У штукатура неясность образовалась:

– А как же тогда… хы… Добры соучастники!.. Одного к скале приковали, орлы ему сердце рвут, а другой четвертинки… Как же печник-то ускользнул?

– А он глиной вымазался… – дробненько захохотал Дымок, – глиной, говорю, вымазался – боги его и не узнали.

– Силен ты, дядя, загибать, я посмотрю, – сплюнул цигарку штукатур. – Глиной…

– Да. Глиной… – смаковал Дымок. – Глиной! А тебя хоть самой алебастрой обделай, хоть по самую маковку размалюй – все равно ни с какого боку к Прометею не приживишь.

Засопел штукатур, задосадовал.

– Без нас с Прометеем гы бы снова шерстью оброс, – окончательно доконал его Дымок.

Тем оно, мастерство, и славно, тем и высится, что верует всякий мастер: сгинь оно, изведись – и труби труба архангелова. Ведь это не сию минуту придумано – про шерсть-то! Почему я бывалых мастеров с «ванька-встаньками» всегда и сравниваю. С какого ты боку ни сшиби, как ни переверни – он встанет. Само мастерство его торчмя держит. Вот и штукатур… Поработает с Дымково – тоже себе своего Прометея заведет. Он уж и сейчас… раствором бьет, гладилкой трет, а сам себе в «соучастники» красивого бога ищет.

Бориска лукавым лисенком на него поглядывает.

Матвеич, ровно сытый кот, мурчит.

Горит на мастерстве звездочка, лучики испускает.

А в Помпеевом отделе между тем про Дымка не забыли. Приехал в наш райцентр лектор из области. Попутно со своей работой сильно он интересовался всякими сектами, «старцами», бродячими игумнами и при всякой возможности в беседы с ними вступал. Изучаю, говорит, арсенал противника. Ну и к нашим обратился, У вас, мол, братцы, нет ли где «лизнуть»?

– Есть! – вспомнили «братцы» про Дымка.

– У всех на виду лекцию покинул, старух увел, – Антон подчеркивает.

– Библейскую ерундистику к сегодняшнему дню прииначивает, – свел губы в рюмочку Помпей.

– Парнишку охмурил – второе лето от него ни на шаг…

– Ядовитые, ехидные вопросы задавал, псалмы поет.

– Там лизнешь – язык спекчи можно!

Ну, без дальнейших разговоров поместились все втроем в машину и – айда к нам в совхоз. Антошка расспросил строителей, в котором доме печные работы ведутся. Заходят.

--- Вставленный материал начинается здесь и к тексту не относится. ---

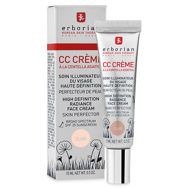 Le laboratoire ERBORIAN conçoit des produits cosmétiques inspirés des traditions coréennes contenant des herbes coréennes pour redonner à la peau de l’éclat. La CC crème Clair d’ERBORIAN protège la peau du soleil avec son indice UV (SPF25) ainsi que des agressions extérieures pour préserver les cellules cutanées du vieillissement prématuré, estompe les petits défauts cutanés et les ridules de déshydratation, affine le grain de peau, participe à la cicatrisation de l’épiderme, apaise et adoucit grâce à son innovation venue de Corée composée de centella asiatica, de vitamine E, d’herbe du tigre, d’extrait de miel ainsi que de pigments encapsulés qui permettent de se fondre sur la peau pour unifier le teint. Sa texture ultra fine pénètre rapidement pour laisser la peau lumineuse et fraîche dès l’application. Elle retrouve une grande douceur et est veloutée, sans défauts. Jour après jour, la peau est nourrie, réparée, les rides et ridules sont moins apparentes.

Бориска с алюминиевым квадратиком как раз возится. Табличка по технике безопасности. Краску с нее кирпичом сдирает.

Их, этих табличек, две тысячи штук одна добродушная артель нашему совхозу выслала. За деньги, конечно. Чистой выплавки алюминий! Хоть тарелки из него формуй, хоть самолеты строй. И оттрафаречена на них всякая предосторожность. «Имей защитные очки», «Подбирай волосья…», «Не стой в кузове…», «Не заглатывай бензин…», «Не спи на ходу…», даже «Не при на рожон» одна попалась. Шутники-то, видно, артелями жить стали. Ну, штук шестьсот их, где только можно было развесить, развесили. Приколотили. А остальные куда?..

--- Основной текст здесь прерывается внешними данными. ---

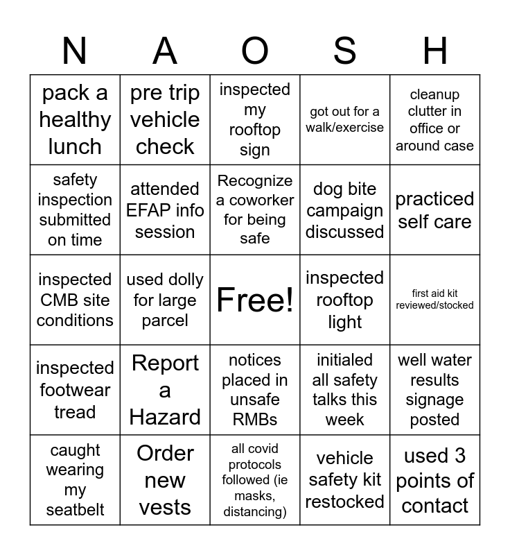 This bingo card has a free space and 24 words: Report a Hazard, Order new vests, Recognize a coworker for being safe, caught wearing my seatbelt, cleanup clutter in office or around case, pack a healthy lunch, safety inspection submitted on time, pre trip vehicle check, inspected rooftop light, notices placed in unsafe RMBs, dog bite campaign discussed, inspected CMB site conditions, initialed all safety talks this week, well water results signage posted, attended EFAP info session, vehicle safety kit restocked, first aid kit reviewed/stocked, inspected my rooftop sign, practiced self care, used dolly for large parcel, used 3 points of contact, inspected footwear tread, got out for a walk/exercise and all covid protocols followed (ie masks, distancing).

Поздоровались вошедшие с Бориской. «А где главный мастер?» – спрашивают.

– Болеет, – отвечает Бориска. – Просквозило на чердаке и, пожалуйста, – воспаление легких. Я без него вторую печку уж докладываю.

– Сам? Один?! – удивился Помпей.

– Один, – проглотил слюнки Бориска.

– А это для чего? – потянулся к алюминьке Антошка.

Бориска ее за спину.

Антон руки в дело, пошучивает, похохатывает… Ну и заполучил.

На алюминьке – письмена… Ножичком выбраны, кончиком или уголком стамески. Как вот на фронтовых портсигарах звезды выбирали, сердца, танки, надписи всякие. Тоже алюминий в дело шел. Простреленные котелки, кружки… Сдвинулись приезжие голова к голове – читают: «Печь № 2. Поставлена Курочкиным Борисом Владимировичем. Целина». Пониже – число, месяц, год проставлены, подпись мастера выведена и еще пять слов: «Учился у Тилигузова Ефрема Матвеевича».

– Это ты для чего? – заинтересовало лектора.

– Вьюшки, что ли, такие вставляете? – поторопился догадаться Антошка.

– Зачем вьюшки… – покосился на него Бориска. – Ефрем Матвеич в кладку их замуровывает.

– В кладку? А зачем? – по возможности ласковей – не отпугнуть бы парнишку – спрашивает лектор.

– Печи-то не век стоять будут… Ну и найдут будущие люди, прочитают… известно станет.

– Что известно станет?

– Вот жил, скажут, на заре коммунизма печник Ефрем Матвеич Тилигузов… Целину тогда поднимали для изобилья… Хорошие печи ложил людям. Помянем же его, товарищи, добрым словом из нашего светлого века. Он и для нас, старичок, потрудился, вложил свой кирпичик.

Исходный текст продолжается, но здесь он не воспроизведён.